1. Get in by ftp to server and replace pages
2. log in throw your admin site
3. Because your site in html pages and "homemade" script create html pages, check ability to submit page from different server to yours page which create html code... (that may be confused, but in another words if I set up page or form on my server which submit data to page on your server inside admin folder which take data from request from my form and create html page on your server) if it is more clear

Thank you again!

But you missunderstood me...
The files are written in classic asp so itīs not html files. But the links inserted was written in the file in html, it was not injected into the mysql database. So the content in the file was changed, not the content in the database.

I was thinking... to sql inject and write a file, or copy/edit in the actual file with Scripting.FileSystemObject you would have to have execute/writing permission on the folder I guess? In other words the ftp username/password?
The files are not saved in the database. The database user donīt have such permissions on the folder. Is it right then to rule out the possibility of sql injection causing these links in the file?

[gk53]

If you do not have write permissions set on your folder in iis, so FileSystemObject can not write to drive and it is ftp problem or iis configuration (security problem), but in both cases it is problem of your service provider, they should check and fix configuration issues. And definitely change your passwords asap

[Lena_25]

Well, Iīm not so good in these kind of things but if I check the permissions on the websites root folder in my ftp program Iīve got 3 columns, Owner, Group and World. The column Owner have Read, Write and Execute permissions. I guess "Owner" is the ftp user?
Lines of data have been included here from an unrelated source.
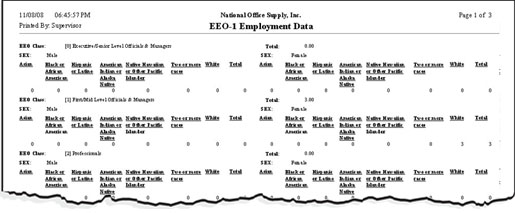 If you need equal employment opportunity data for the entire company, generate the EEO-1 Employment Data report (a.k.a. Employer Information Report). This report displays the number of employees assigned with a certain EEO class and ethnic code. You can use this report together with the EEO Report to review the statistics of the employees' EEO classes and/or ethnic codes. This report is available if the EEO Reporting State/Local Government checkbox is unmarked in PR Module Setup's General (2) tab.
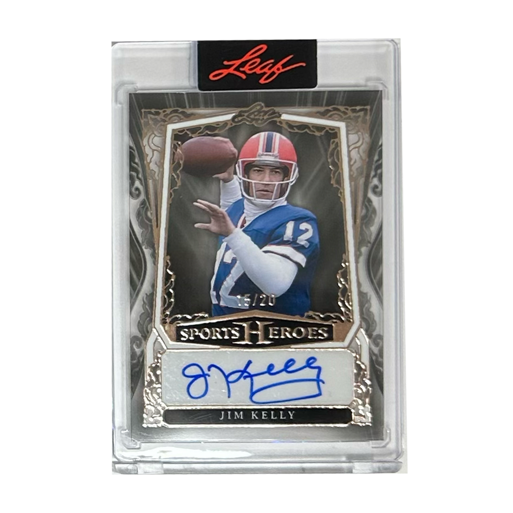 Leaf Sports Heroes Jim Kelly 15/20 Authenticity of these memorabilia pieces is guaranteed by Leaf Trading Cards.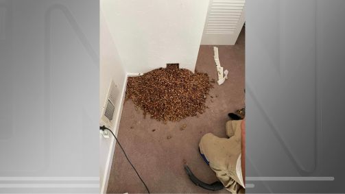 Depois de fazer um pequeno buraco de 10 centímetros na parede, Castro disse que as bolotas começaram a cair. Isso por si só não seria muito incomum, mas "elas continuaram chegando", disse.

To use Scripting.FileSystemObject I must check the box "Execute" in the column Group.
I can also see the numer 700. And it says "Owner 80" and "Group www"

[Lena_25]

No, I was wrong, Scripting.FileSystemObject works with only "Owner" read, write and execute permissions...

[gk53]

yes. but when you open page in browser from the internet you are came under guest account..., so if you have to use FileSystemObject from asp code you should understand you open that folder for hacker attacks... and do not keep in that folder your pages, keep just for upload files and after that move them to well protected folder. and keep your script in protected folder
if you website in e:\websites\site1 folder and admin part in e:\websites\site1\admin (all pages in admin required login for access) you should have something like e:\websites\site1\admin\tmp and tmp folder has write access for upload/save files
this is about IIS security.
FTP is different you log in into FTP with system credentials and system knows your credentials and what rights you have... and you can not execute asp pages under FTP protocol only DOS like commands...
So if somebody crack you user name and password he can login and do whatever he want... this is why everybody recommend to have very complicated and long passwords and change them on regular basis. (longer passwords more difficult to crack)

[Lena_25]

Very kind of you to explain all for me, I really appreciate it :-)
But I still donīt know what happend and have a hard time just let it go.
Now Iīm thinking more about XSS, Iīve read a lot and earlier Iīve been told that all I have to do is to use server.htmlencode() for all input from forms if the text is written out on the screen. Have I misunderstood this? If I have this contact form where the text entered in the form by the visitors only is sent to me by e-mail, I put the content from the form in variables and send it to my e-mail. Do I have to use server.htmlencode() if I do so too (put the form input in variables)?
I also read about javascript encoding, it says you cant use server.htmlencode in javascript, you have to use javascript encode. But I canīt find anywhere an explanation on how I encode input that is put directly in a javascript. Do I have to filter out some characters in asp before the value is sent to the javascript (in that case what characters)? Or do I need some javascript code to encode the value sent to the javascript?